À bien des égards, la première ministre du Québec est déjà affligée du même péché originel que Dollard des Ormeaux et Louis-Joseph Papineau: celui d'être habitée par un idéal et de chercher à bousculer notre condition. Bien sûr il n'est pas question de comparer son œuvre à celle de ses illustres prédécesseurs - Madame Marois n'a pas (encore) changé le destin du Québec - mais elle en partage déjà le destin. Ironiquement la mémoire est beaucoup plus clémente envers des nains de notre histoire, Lomer Gouin, Robert Bourassa ou Jean Chrétien, tout simplement parce qu'ils ne nous demandaient absolument rien, nous conviant au contraire à la complaisance et au contentement de soi. En revanche, ceux qui nous invitent à vaincre nos peurs et à avancer sont généralement accueillis comme de faux prophètes et de « beaux parleurs ». Car tout compte fait, que reproche-t-on à madame Marois? Ses airs hautains? Ses valses-hésitations des premiers mois? Ses compromis sur la question nationale? Soyons sérieux, rien ici qui justifie l'acharnement proprement viscéral répandu dans le discours public.

Mme Marois se retrouve exactement comme Dollard et Papineau, ostracisée par les porteurs d'intérêts idéologiques qui relaient ensuite leur haine pour la multitude. Le plus triste demeure que le public semble toujours prêt à colporter n'importe quel préjugé pourvu qu'il contribue à nourrir son cynisme envers ses gouvernants. Or l'histoire m'a appris a d'abord s'appuyer sur les faits, et les faits ne sont pas si accablants envers les six premiers mois du gouvernement Marois: sortie du Québec du nucléaire, moratoire sur les gaz de schiste, liquidation de la crise étudiante, lois sur le financement des partis et sur la probité. Rien n'y fait pourtant, au point ou même la clientèle nationaliste tombe allégrement dans le piège du dénigrement. Qui plus est, les médias sont tout à coup grands ouverts aux souverainistes si, bien sûr, c'est pour se joindre au bal des récriminations contre le gouvernement du Parti québécois.

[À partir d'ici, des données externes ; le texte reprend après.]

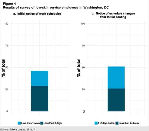 同样清楚的是,特别是对于那些不能自由选择这类工作的工人来说,这种就业灵活性并不是真正的双向交易。零售业和食品服务业等行业的雇主可以使用新技术优化日程安排;在极端情况下,他们会临时通知工人进场(或下班)。对劳动者来说,这通常意味着他们在全职工作的条件下获得兼职工作的报酬。[38]图4a和4b基于对华盛顿特区低技能服务业员工的调查——零售业、餐饮业和其他服务业。[39]左边的数字显示了他们的工作日程提前多少时间发布(深色表示提前不到三天,浅色的不到一周)。如图所示,近50%的受调查者只在一周前或更短时间内收到了通知,告知他们预计何时上班。右边的数字显示,即使在最初公布工作时间后,雇主也会经常做出进一步改变。[40]结果是,这些劳动者中有很大一部分在不到24小时内才得到通知。[41]

Je sais déjà qu'on accusera cet article d'être biaisé. Ceux qui souhaitent réhabiliter nos chefs politiques ont toujours spontanément tort chez nous. À l'occasion de la Journée nationale des patriotes, justement consacrée à célébrer nos héros nous ayant permis de nous épanouir malgré notre statut colonial, je vous convierais tout de même à l'exercice suivant: et si après tout Madame Marois était en train de devenir une grande première ministre? Et si, à l'aune de l'histoire, on devait finalement la reconnaître comme la « raccommodeuse» qui aura sorti le Québec de sa pire crise sociale depuis quarante ans et restauré la confiance envers l'État du Québec? Si donc, exposé à l'épreuve des faits et à l'aune de l'histoire, il s'avérait plus tard que le gouvernement actuel s'était montré excellent pour le Québec? En ce cas, ne nous trouverions-nous pas tout à coup ridicules de s'acharner sur la première première ministre du Québec à coup d'arguments futiles et de quolibets stupides?

Invitation en somme à prendre du recul à propos du travail difficile que doit présentement mener la première dame du Québec. Invitation à exposer son œuvre à l'épreuve des faits et à la durée plutôt que de simplement relayer les préjugés réducteurs et à la limite misogynes. Invitation en somme à se dire que la grandeur est possible autour de nous et que, à l'instar de Dollard et des patriotes, nous pouvons admettre que le dévouement et l'abnégation peuvent aussi habiter nos chefs d'État et qu'en somme le pire n'est pas toujours certain.